Database query and ranked results

22 Jan
The Autophagy network extracted from the recen...
Image via Wikipedia

Already some time ago I’ve  read a piece by Marcelo Calbucci: Is it a database or a search engine?. While it deals with search information within a real estate database, I think his comments are applicable in the many areas of life sciences.

In short, Marcelo points out that people miss a lot of interesting entries while looking for a house, because of inflexibility of the query; number of bedrooms, price, distance from some point – these are all set. However, users are flexible and in such case need rather a search engine that gives them close enough answer or allows to specify weight to each filter.

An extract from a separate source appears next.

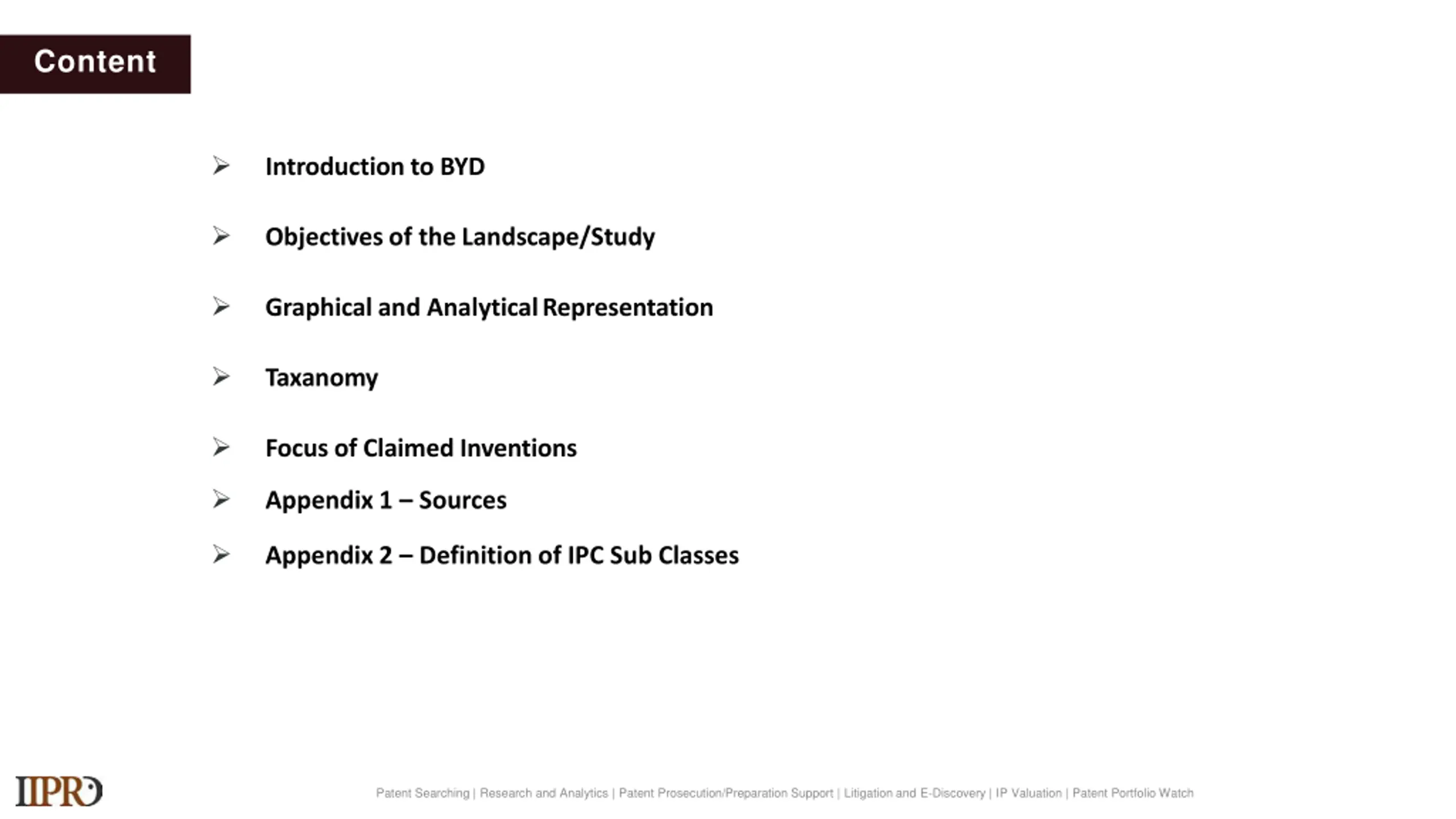 Content Introduction to BYD Objectivesof theLandscape/Study Graphical and AnalyticalRepresentation Taxanomy Focus of Claimed Inventions Appendix 1 Sources Appendix 2 Definition of IPC Sub Classes Patent Searching | Research and Analytics | Patent Prosecution/Preparation Support | Litigation and E-Discovery | IP Valuation | Patent Portfolio Watch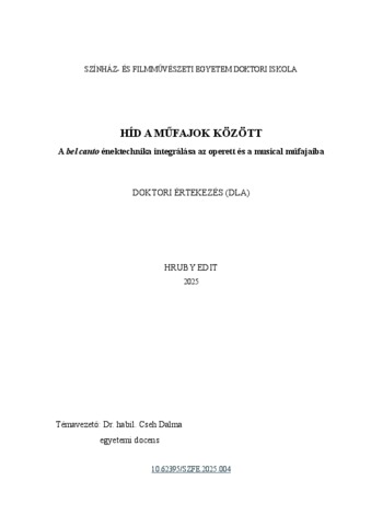 Hruby, Edit (2025) Híd a műfajok között : A bel canto énektechnika integrálása az operett és a musical műfajaiba. PhD thesis, Színház- és Filmművészeti Egyetem.

In life sciences we do search for similarities and analogies all the time. Sometimes it’s direct comparison of sequences, on other occasion is high-level meta-comparison between two systems. And while we have various (statistical) metrics of similarities and they sometimes become a part of a database designs, interfaces of biological databases don’t allow to rank query results according to these metrics. For example I can easily find all human proteins related to disease X or disease Y or disease Z, although I cannot specify that I want proteins related to Z AND Y first on the list. Other example would be searching PubMed – I can look for articles related to “synthetic biology”, but I have no way to specify, that I want papers by James Collins from HHMI AND articles related to these papers to be first on the list. I guess it is possible to obtain such results without going through the whole list, but I doubt the method will be very simple. Filtering still seems to be neglected aspect of database design in life sciences.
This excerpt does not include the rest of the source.